Intra-tumoral heterogeneity of gemcitabine delivery and mass transport in human pancreatic cancer.
Academic Article
Overview
abstract
There is substantial heterogeneity in the clinical behavior of pancreatic cancer and in its response to therapy. Some of this variation may be due to differences in delivery of cytotoxic therapies between patients and within individual tumors. Indeed, in 12 patients with resectable pancreatic cancer, we previously demonstrated wide inter-patient variability in the delivery of gemcitabine as well as in the mass transport properties of tumors as measured by computed tomography (CT) scans. However, the variability of drug delivery and transport properties within pancreatic tumors is currently unknown. Here, we analyzed regional measurements of gemcitabine DNA incorporation in the tumors of the same 12 patients to understand the degree of intra-tumoral heterogeneity of drug delivery. We also developed a volumetric segmentation approach to measure mass transport properties from the CT scans of these patients and tested inter-observer agreement with this new methodology. Our results demonstrate significant heterogeneity of gemcitabine delivery within individual pancreatic tumors and across the patient cohort, with gemcitabine DNA incorporation in the inner portion of the tumors ranging from 38 to 74% of the total. Similarly, the CT-derived mass transport properties of the tumors had a high degree of heterogeneity, ranging from minimal difference to almost 200% difference between inner and outer portions of the tumor.
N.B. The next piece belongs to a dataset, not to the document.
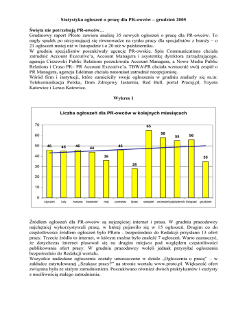 Statystyka ogłoszeń o pracę dla PR-owców – grudzień 2005 Święta nie potrzebują PR-owców… Grudniowy raport PRoto zawiera analizę 35 nowych ogłoszeń o pracę dla PR-owców. To nagły spadek po utrzymującej się równowadze na rynku pracy dla specjalistów z branży – o 21 ogłoszeń mniej niż w listopadzie i o 20 niż w październiku. W grudniu specjalistów poszukiwały agencje PR-owskie. Spin Communications chciała zatrudnić Account Executive’a, Account Managera i asystentkę dyrektora zarządzającego, agencja Ciszewski Public Relations poszukiwała Account Managera, a Nowe Media Public Relations i Cruso PR– PR Account Executive’a. TBWA\PR chciała wzmocnić swój zespół o PR Managera, agencja Edelman chciała natomiast zatrudnić recepcjonistę. Wśród firm i instytucji, które zamieściły swoje ogłoszenia w grudniu znalazły się m.in: Telekomunikacja Polska, Dom Zdrojowy Jastarnia, Red Bull, portal Pracuj.pl, Toyota Katowice i Lexus Katowice. Wykres 1 Liczba ogłoszeń dla PR-owców w kolejnych miesiącach 70 65 58 60 50 46 45 46 56 46 44 40 55 36 35 28 30 20 10 0 styczeń luty marzec kwiecień maj czerwiec lipiec sierpień wrzesień październik listopad grudzień Źródłem ogłoszeń dla PR-owców są najczęściej internet i prasa. W grudniu pracodawcy najchętniej wykorzystywali prasę, w której pojawiło się w 15 ogłoszeń. Drugim co do częstotliwości źródłem ogłoszeń było PRoto - bezpośrednio do Redakcji przysłano 13 ofert pracy. Trzecie źródło to internet, w którym można było znaleźć 7 ogłoszeń. Warto zaznaczyć, że dotychczas internet plasował się na drugim miejscu pod względem częstotliwości publikowania ofert pracy. W grudniu pracodawcy woleli jednak przysyłać ogłoszenia bezpośrednio do Redakcji wortalu. Wszystkie nadesłane ogłoszenia zostały umieszczone w dziale „Ogłoszenia o pracę” – w zakładce zatytułowanej „Szukasz pracy?” na stronie wortalu www.proto.pl. Większość ofert związana była ze stałym zatrudnieniem. Poszukiwano również dwóch praktykantów i stażysty z możliwością stałego zatrudnienia. Wykres 2 Źródło ogłoszeń 7 15 internet PRoto prasa 13 Wśród miejsc zatrudnienia pracodawcy najczęściej wymieniali województwo mazowieckie – 20 ogłoszeń, 4 oferty pochodziły z województwa dolnośląskiego, dwie - ze śląskiego, a po jednym z województw – zachodniopomorskiego, pomorskiego i małopolskiego. Sześciu ogłoszeniodawców nie wskazało miejsca zatrudnienia. Wykres 3 Miejsce oferowanej pracy - województwo 1 1 1 2 4 20 6 małopolskie pomorskie zachodniopomorskie śląskie dolnośląskie nie podano mazowieckie W grudniu poszukiwano 17 specjalistów PR – to o 9 mniej niż w listopadzie. 11 osób ma pracować na stanowiskach managera/dyrektora – o 8 mniej niż w miesiącu poprzednim, a pięć jako konsultanci/asystenci – o czterech mniej w porównaniu z listopadem. Poszukiwano także jednego stażysty i jednego konsultanta. 22 spośród 35 ogłoszeń zamieściły firmy bezpośrednio zainteresowane zatrudnieniem nowych pracowników. 10 ogłoszeń nadesłanych było przez agencje, a tylko 3 przez pośredników. Wykres 4. „Kto kogo szuka?” – instytucja zamieszczająca ogłoszenie (agencja PR/firma/pośrednik) i profil stanowiska (specjalista, manager/dyrektor PR, asystent, konsultant) Kto kogo szuka? Profil stanowiska i instytucja zamieszczająca ogłoszenie specjalista 15 3 manager/dyrektor konsultant/asystent 5 2 stażysta 1 praktykant 1 0 2 3 3 2 4 6 firma 8 agencja 10 12 14 16 18 pośrednik W grudniu pracodawcy oczekiwali od kandydatów przede wszystkim znajomości języka angielskiego (25 spośród 35 ogłoszeń). Stopniowo staje się to język konieczny do rozpoczęcia pracy w branży. W jednym ogłoszeniu podano, że oprócz znajomości angielskiego, wysoko oceniana będzie znajomość rosyjskiego. W pozostałych dwóch ogłoszeniach wskazywano odpowiednio na znajomość języka francuskiego i rosyjskiego wraz z ukraińskim. W 7 ogłoszeniach nie podano oczekiwań dotyczących znajomości języka (Wyk. 5). Wykres 5 Wymagana znajomość języków obcych 1 1 1 7 francuski rosyjski i angielski rosyjski i ukraiński nie podano angielski 25 W grudniu w branży media/reklama/PR pojawiło się 13 ogłoszeń. Trzeba zaznaczyć, że w większości były to ogłoszenia zamieszczane przez agencje PR. 4 oferty dotyczyły pracy w branży usługowej. Po 3 ogłoszenia zamieścili pracodawcy związani z branżą healthcare i handel (Wyk. 6). Wykres 6 Branża, w której oferowano zatrudnienie 1 1 1 motoryzacja 1 nie podano 2 telekomunikacja 13 2 wydawnictwo produkcja 2 ubezpieczenia, finanse inne 2 organizacja handel heathcare 3 4 usługi 3 media i marketing Ze względu na dużą rozbieżność w nazwach stanowisk zajmowanych przez PR-owców, nie została sformułowana zamknięta lista stanowisk. W tym miesiącu wymieniane były następujące nazwy stanowisk: - Account Executive - Account Manager - Asystent ds. PR - Asystent/ka dyrektora zarządzającego w agencji PR - Junior Communication Manager - Kierownik Zespołu w Biurze Public Relations - New Business Assistant - PR & Communication Assistant - PR Account Executive - PR Coordinator - PR Manager - PR/Marketing Specialist - Praktykant do działu PR - Product Manager - PR-owiec - Recepcjonista - Specjalista ds. komunikacji i PR - Specjalista ds. komunikacji i public affairs na Europę Wschodnią i Środkową - Specjalista ds. kontaktów z mediami - Specjalista ds. Marketingu - Specjalista ds. Marketingu i PR - Specjalista ds. Promocji - Specjalista ds. promocji i PR - Specjalista ds. Public Relations Stażysta w dziale Marketingu i PR Team Manager Współpracownik agencji PR Metodologia badania Analiza ogłoszeń o pracę obejmuje publikacje z polskimi ofertami pracy w branży PR na różnych stanowiskach. Ogłoszenia pochodzą z: • tytułów aktualnie monitorowanych przez Instytut Monitorowania Mediów

Our quantitative method to derive transport properties from CT scans demonstrated less than 5% difference in gemcitabine prediction at the average CT-derived transport value across observers. These data illustrate significant inter-patient and intra-tumoral heterogeneity in the delivery of gemcitabine, and highlight how this variability can be reproducibly accounted for using principles of mass transport. With further validation as a biophysical marker, transport properties of tumors may be useful in patient selection for therapy and prediction of therapeutic outcome.